Using the listing below, output only the lines from the one that contains "Des stickers muraux" through the one that contains "临时取消3站:景墨·尚书房(路西)、双福巷(路西)、兴庆区十八小学(路南)", inclusive, exactly as given and without images.
Content starts
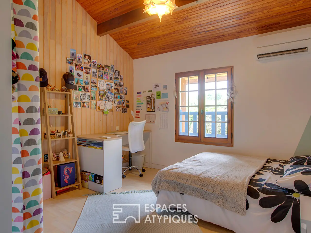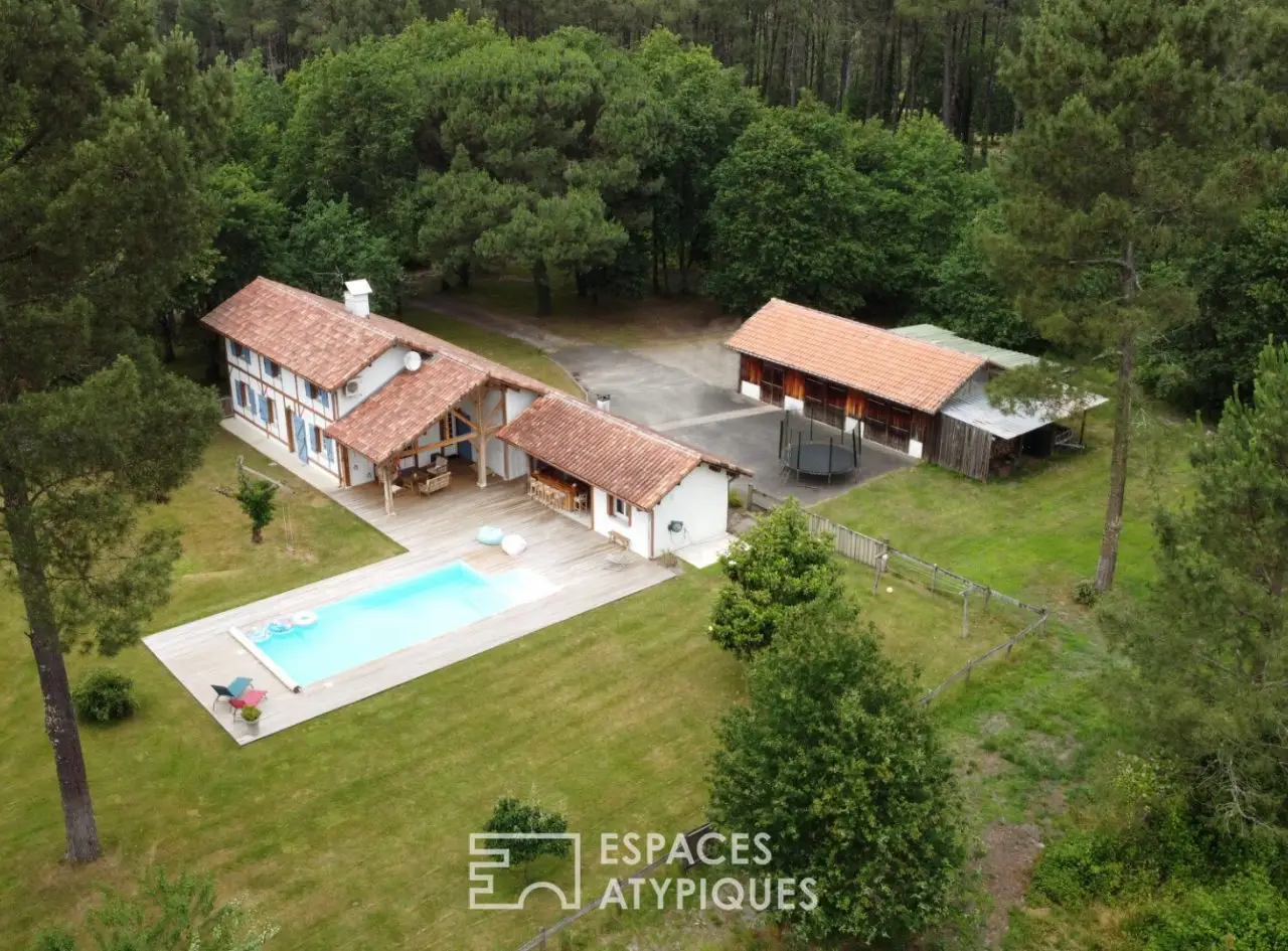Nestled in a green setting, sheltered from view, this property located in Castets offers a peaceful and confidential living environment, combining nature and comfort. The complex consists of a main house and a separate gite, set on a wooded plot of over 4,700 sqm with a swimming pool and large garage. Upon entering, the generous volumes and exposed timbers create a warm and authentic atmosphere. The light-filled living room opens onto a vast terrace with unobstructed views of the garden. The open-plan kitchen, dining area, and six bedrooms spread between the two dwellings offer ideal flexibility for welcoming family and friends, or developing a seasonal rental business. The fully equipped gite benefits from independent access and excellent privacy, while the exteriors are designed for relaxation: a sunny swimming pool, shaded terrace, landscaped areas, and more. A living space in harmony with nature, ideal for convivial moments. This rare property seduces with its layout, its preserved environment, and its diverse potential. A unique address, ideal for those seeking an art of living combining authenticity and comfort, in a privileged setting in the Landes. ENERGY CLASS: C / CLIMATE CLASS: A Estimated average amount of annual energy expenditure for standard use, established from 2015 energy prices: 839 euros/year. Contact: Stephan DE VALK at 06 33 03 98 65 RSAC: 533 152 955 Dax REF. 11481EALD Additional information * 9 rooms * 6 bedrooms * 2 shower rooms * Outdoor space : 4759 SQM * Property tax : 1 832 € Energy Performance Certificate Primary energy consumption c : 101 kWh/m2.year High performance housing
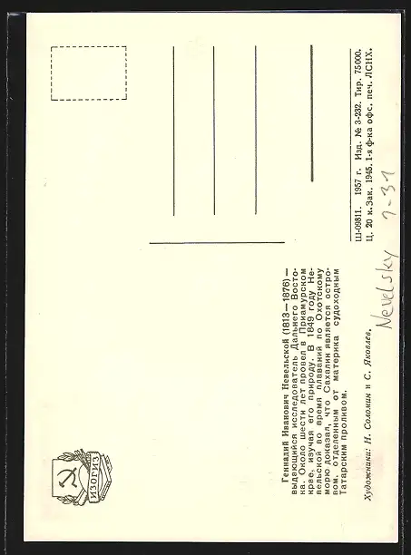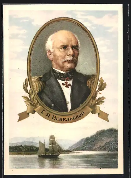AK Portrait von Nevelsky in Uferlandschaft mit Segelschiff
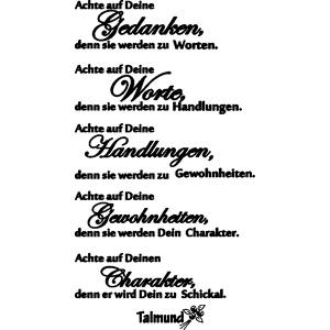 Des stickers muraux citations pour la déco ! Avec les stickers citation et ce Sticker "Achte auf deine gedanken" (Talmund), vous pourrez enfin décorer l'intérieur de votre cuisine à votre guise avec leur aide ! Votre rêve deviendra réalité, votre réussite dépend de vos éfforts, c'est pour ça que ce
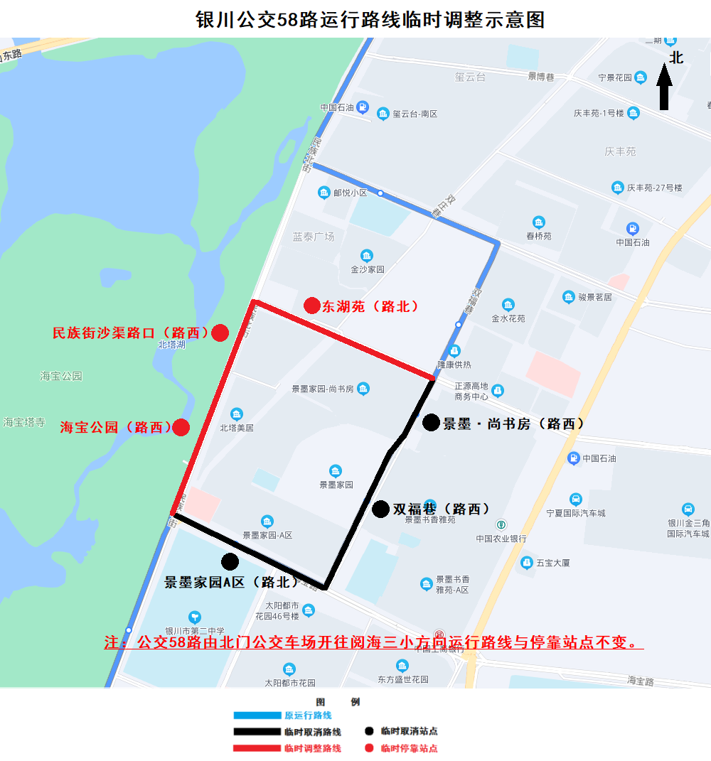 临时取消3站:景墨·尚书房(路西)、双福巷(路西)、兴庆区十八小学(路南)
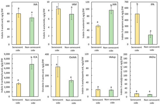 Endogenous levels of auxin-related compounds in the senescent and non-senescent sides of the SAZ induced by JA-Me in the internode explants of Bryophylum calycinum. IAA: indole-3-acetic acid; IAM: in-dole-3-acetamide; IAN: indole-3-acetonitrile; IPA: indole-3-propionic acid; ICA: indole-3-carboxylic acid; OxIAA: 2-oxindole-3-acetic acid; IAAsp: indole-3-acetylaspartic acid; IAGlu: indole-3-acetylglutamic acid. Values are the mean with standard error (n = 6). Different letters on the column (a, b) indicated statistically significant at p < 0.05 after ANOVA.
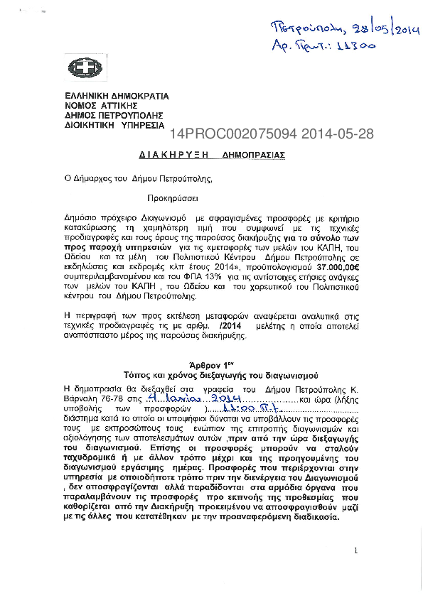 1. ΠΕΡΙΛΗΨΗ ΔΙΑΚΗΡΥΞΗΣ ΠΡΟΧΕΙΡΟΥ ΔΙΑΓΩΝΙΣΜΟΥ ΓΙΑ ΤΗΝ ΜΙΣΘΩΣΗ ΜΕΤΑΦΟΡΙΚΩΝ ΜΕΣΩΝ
Content ends
(REPLY)
 Des stickers muraux citations pour la déco ! Avec les stickers citation et ce Sticker "Achte auf deine gedanken" (Talmund), vous pourrez enfin décorer l'intérieur de votre cuisine à votre guise avec leur aide ! Votre rêve deviendra réalité, votre réussite dépend de vos éfforts, c'est pour ça que ce
 临时取消3站:景墨·尚书房(路西)、双福巷(路西)、兴庆区十八小学(路南)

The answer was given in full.